(AVAILABLE DATA Opens)

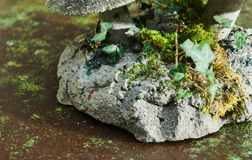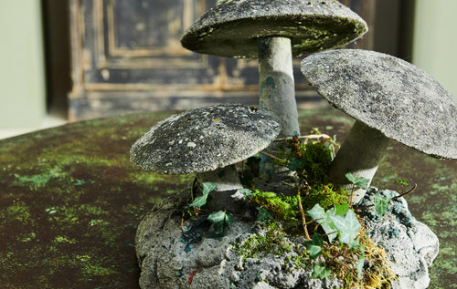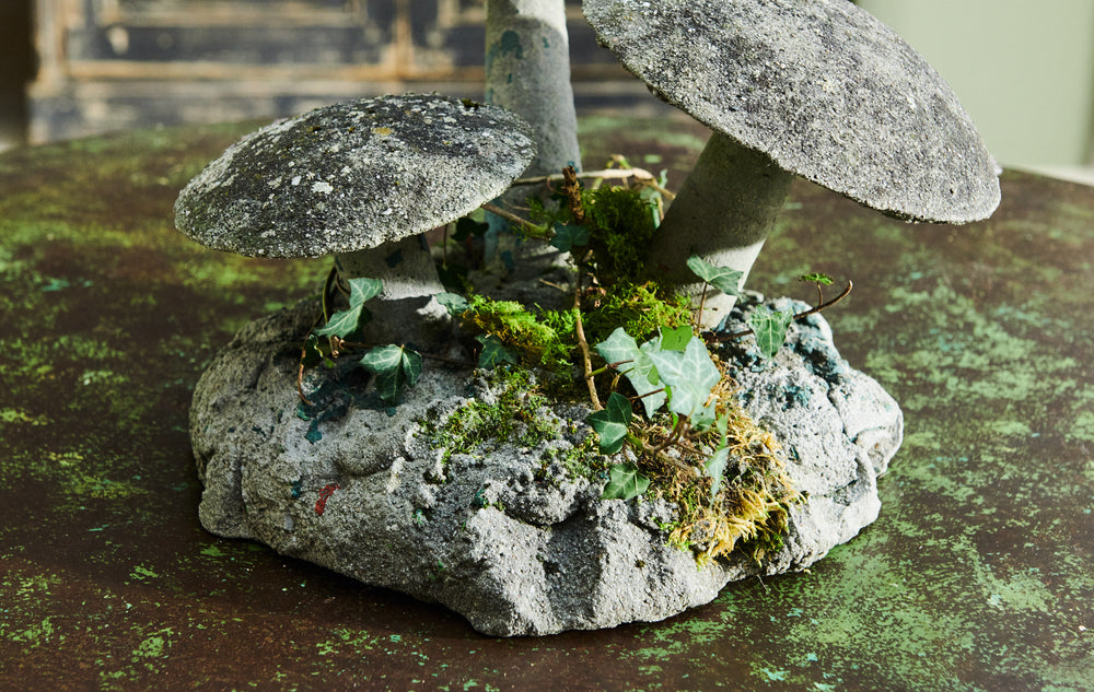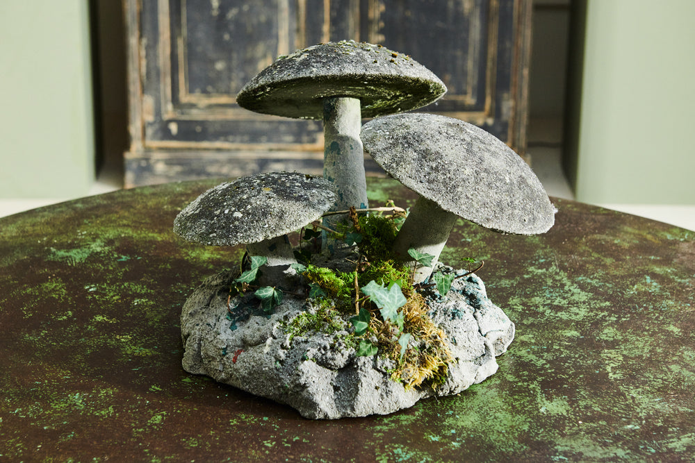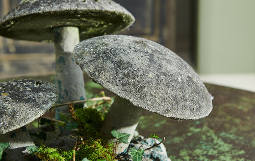 A charming decorative garden mushroom on a composite stone base. With a lovely mossy patina and in very good condition it will add character to any garden.
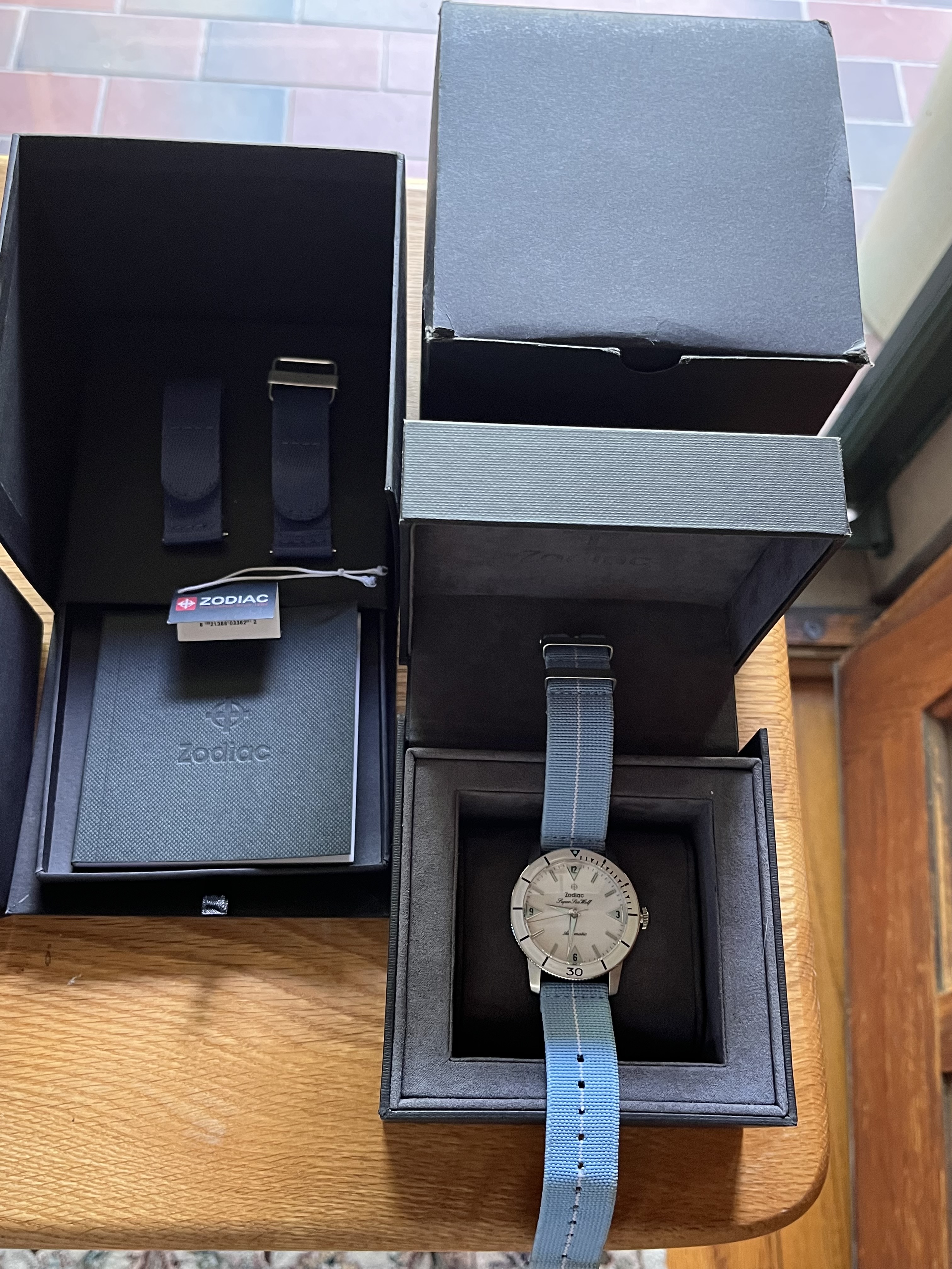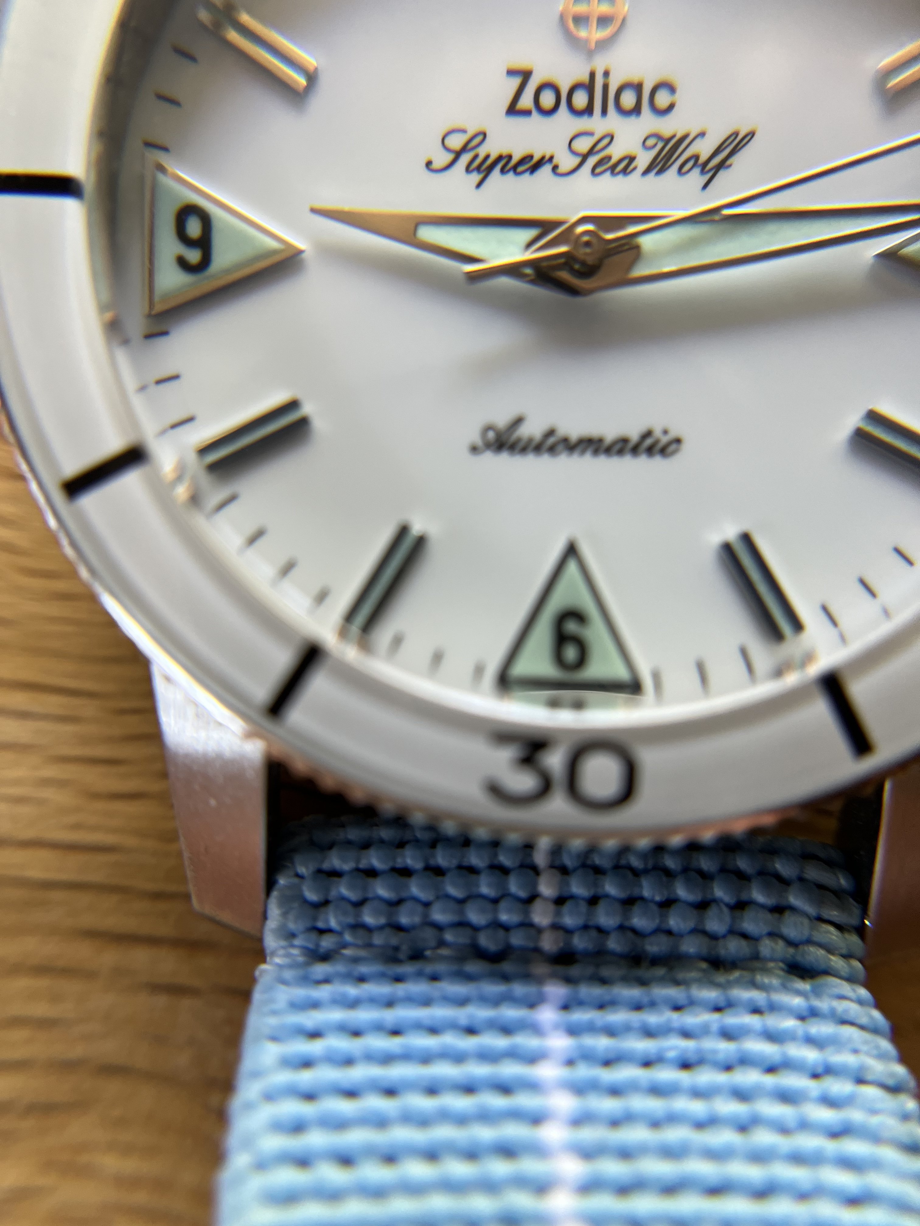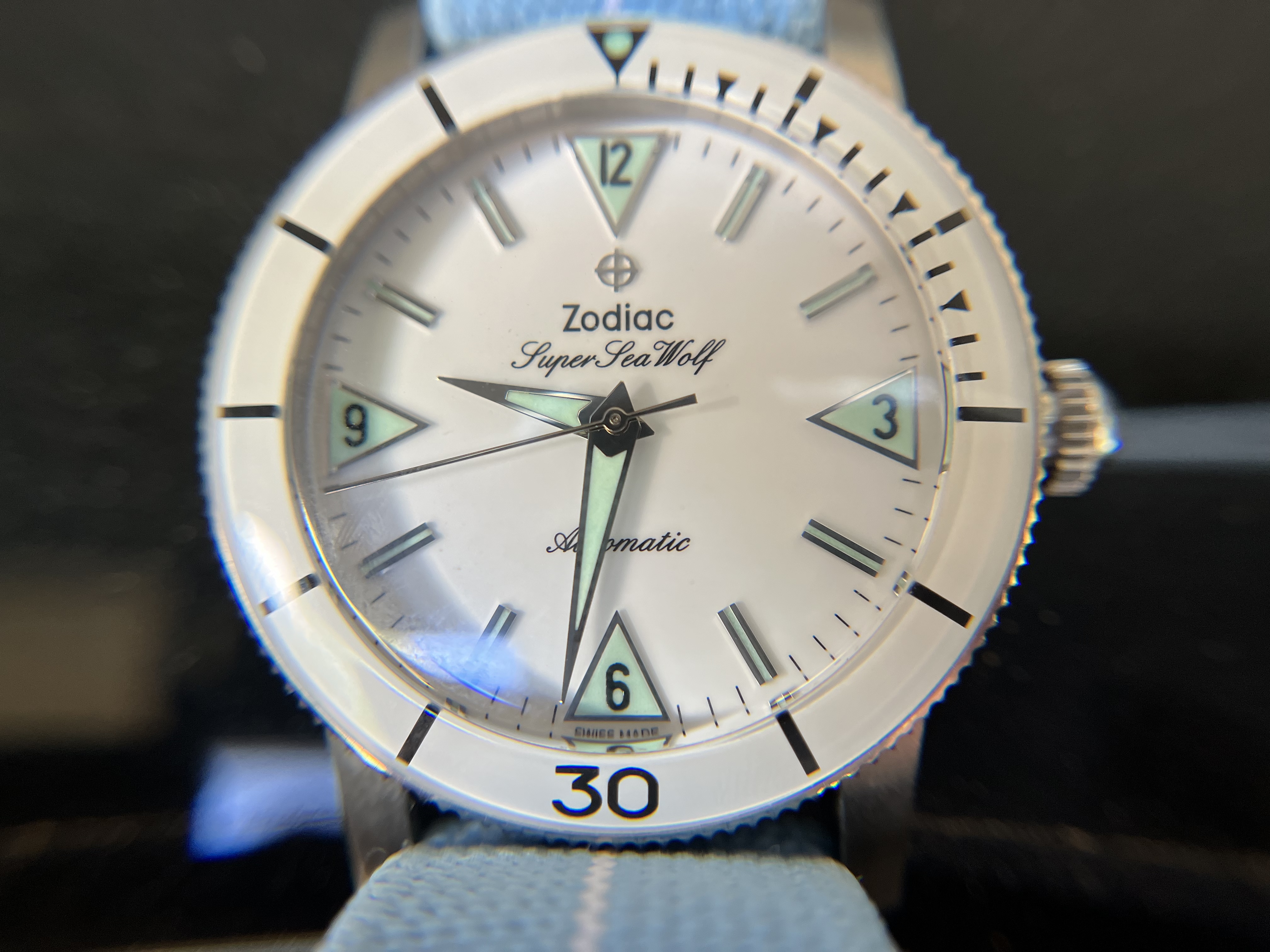 ·For sale is my lovely Zodiac Super Sea Wolf. The white dial and bezel insert make for a great summer watch.
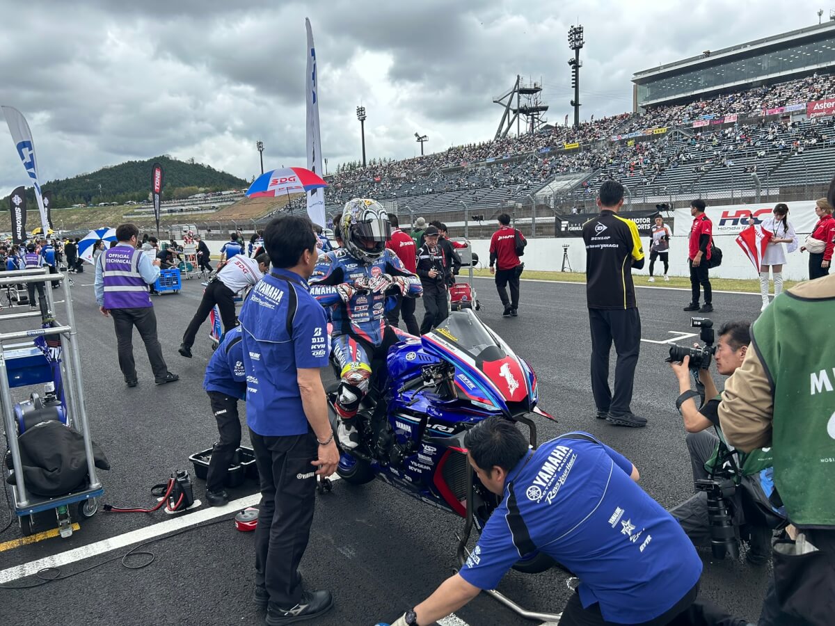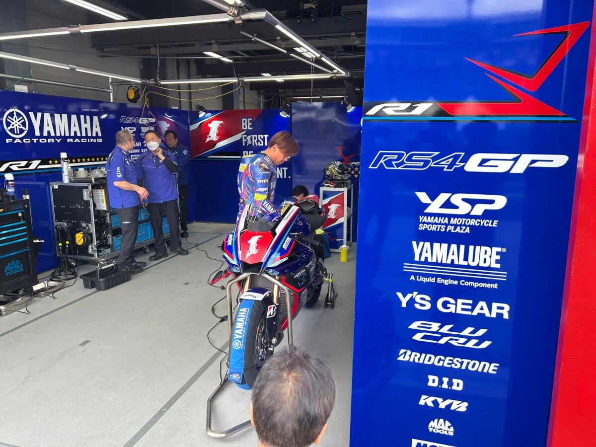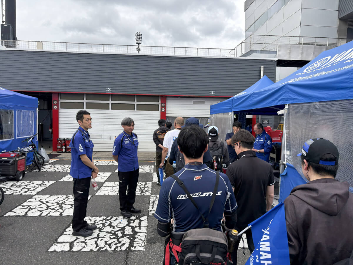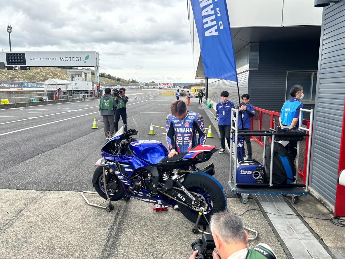 その後はピットウォークの開催です!ピット前は賑わっており各選手とファンの交流が行われていました。全日本などですと選手とファンの距離感も近く応援にも熱が入ります!ピットウォークのタイミングでヤマハワークスが車両の確認をしていました。かっこよすぎる!!
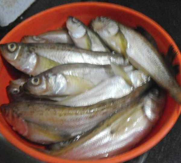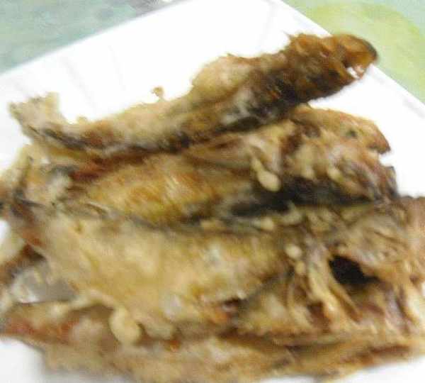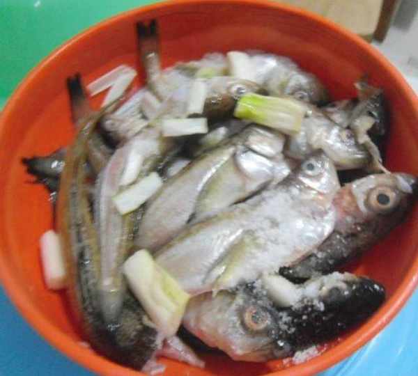 原料:小魚、淀粉、蔥薑、油、鹽、胡椒粉、白酒
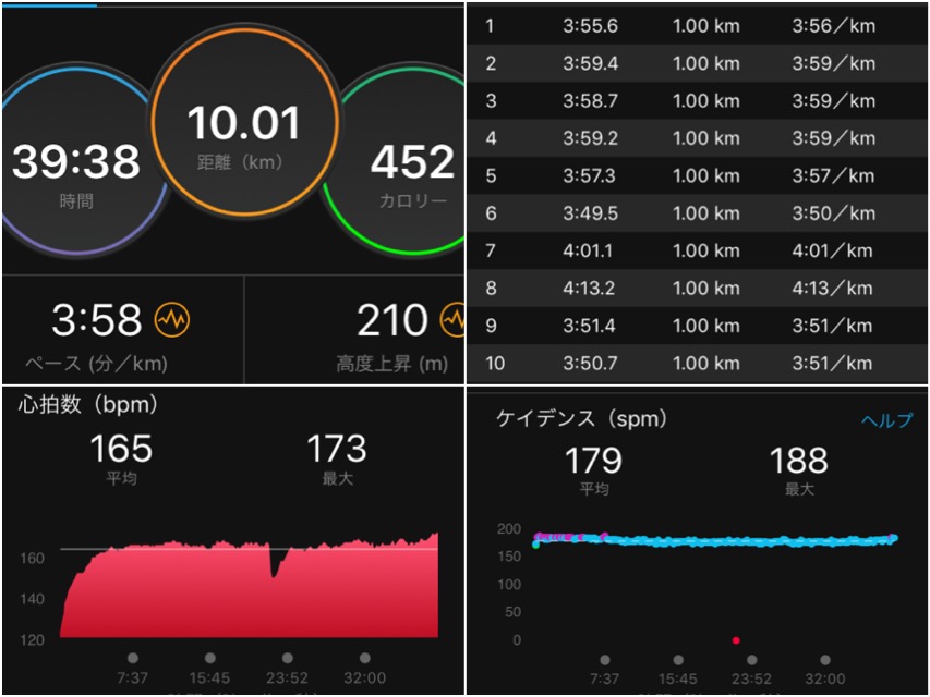 10km通過が39:36、平均ペース3'58。心拍はちょい高めだけど、それほどドリフト現象がなく安定しているし、ピッチも179と悪くはない。
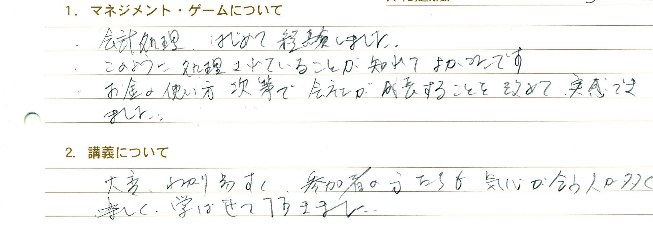 会計処理はじめて経験しました。このように処理されていることが知れてよかったです。お金の使い方次第で会社が成長することを改めて実感できました。

(AVAILABLE DATA Closes)

• **TASK TO COMPLETE**
The records above must all be output exactly. Omit the images.

• **FINAL ANSWER**
 A charming decorative garden mushroom on a composite stone base. With a lovely mossy patina and in very good condition it will add character to any garden.
 ·For sale is my lovely Zodiac Super Sea Wolf. The white dial and bezel insert make for a great summer watch.
 その後はピットウォークの開催です!ピット前は賑わっており各選手とファンの交流が行われていました。全日本などですと選手とファンの距離感も近く応援にも熱が入ります!ピットウォークのタイミングでヤマハワークスが車両の確認をしていました。かっこよすぎる!!
 原料:小魚、淀粉、蔥薑、油、鹽、胡椒粉、白酒
 10km通過が39:36、平均ペース3'58。心拍はちょい高めだけど、それほどドリフト現象がなく安定しているし、ピッチも179と悪くはない。
 会計処理はじめて経験しました。このように処理されていることが知れてよかったです。お金の使い方次第で会社が成長することを改めて実感できました。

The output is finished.